The output text file is a list of the words but with no duplicate entries. The text file that is input can have duplicates. The output will look like this:
block
addressing
index
approximate
etc....
With my code so far, I am able to get the list of words but the duplicates are included. I try to check for duplicates before I enter a word into the output file but the output does not reflect that. Any suggestions? My code:
infile = open("paper.txt", 'r')
outfile = open("vocab.txt", 'r+a')
lines = infile.readlines()
for i in lines:
thisline = i.split()
for word in thisline:
digit = word.isdigit()
found = False
for line in outfile:
if word in line:
found = True
break
if (digit == False) and (found == False ):
outfile.write(word);
outfile.write("\n");
I don't understand how for loops are closed in Python. In C++ or Java, the curly braces can be used to define the body of a for loop but I'm not sure how its done in Python. Can anyone help?
Upvotes: 1
Views: 123
Reputation: 7177
Python loops are closed by dedenting; the whitespace on the left has semantic meaning. This saves you from furiously typing curly braces or do/od or whatever, and eliminates a class of errors where your indentation accidentally doesn't reflect your control flow accurately.

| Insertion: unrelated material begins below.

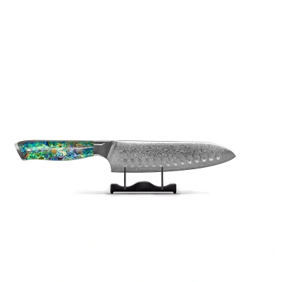 Shinrai Knives Mother of Pearl Jewels Damascus Santoku knife 18 cm
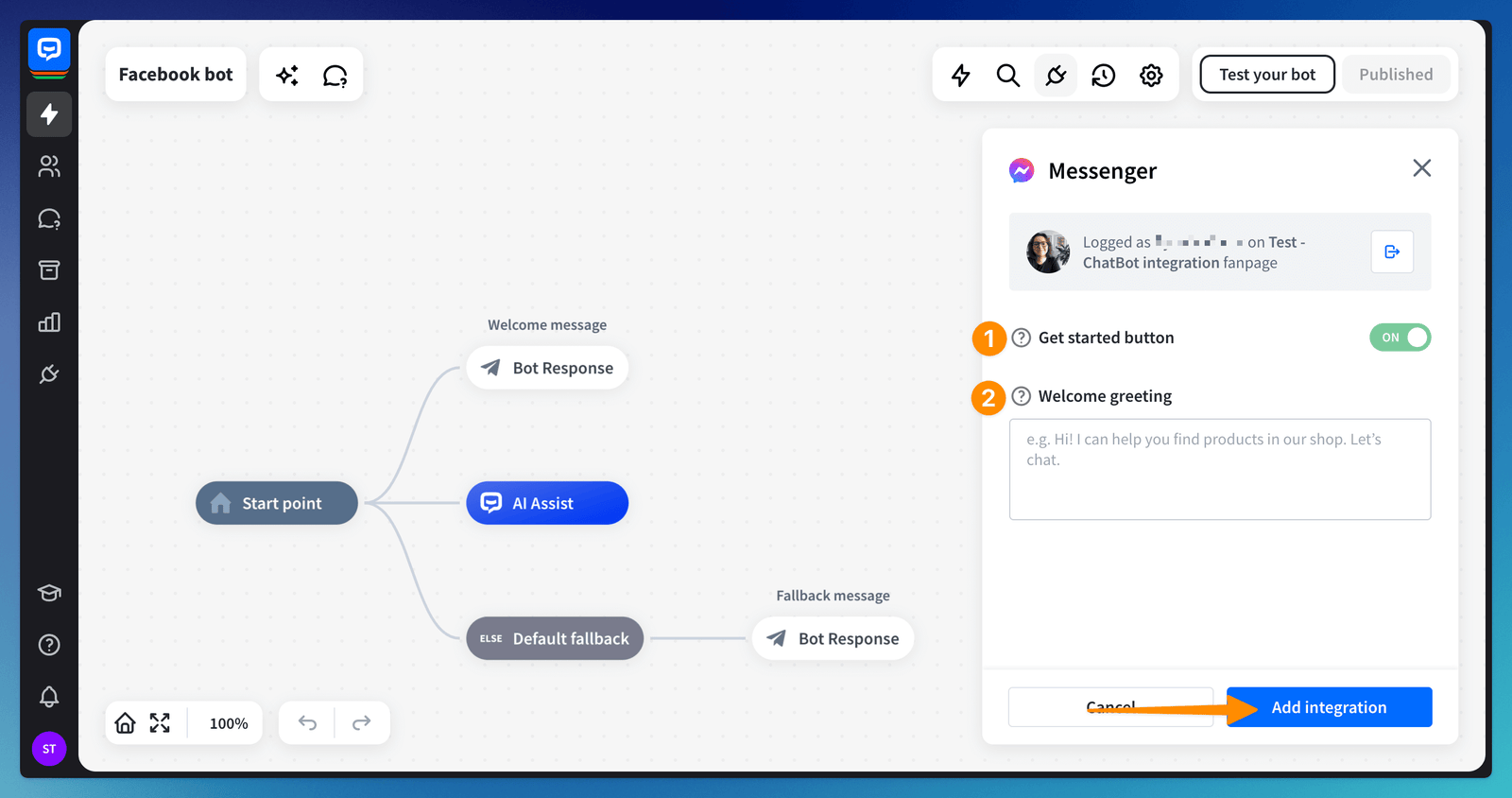 Decide whether to turn the Get started button on or off. Add a Welcome greeting that will show in the Messenger window. Click the Add integration button.

Your input doesn't appear to be large enough to justify a loop over your output file (and if it did I'd probably use a gdbm table anyway), so you can probably do something like this (tested very briefly):
#!/usr/local/cpython-3.3/bin/python
with open('/etc/crontab', 'r') as infile, open('output.txt', 'w') as outfile:
seen = set()
for line in infile:
for word in line.split():
if word not in seen:
seen.add(word)
outfile.write('{}\n'.format(word))
Upvotes: 1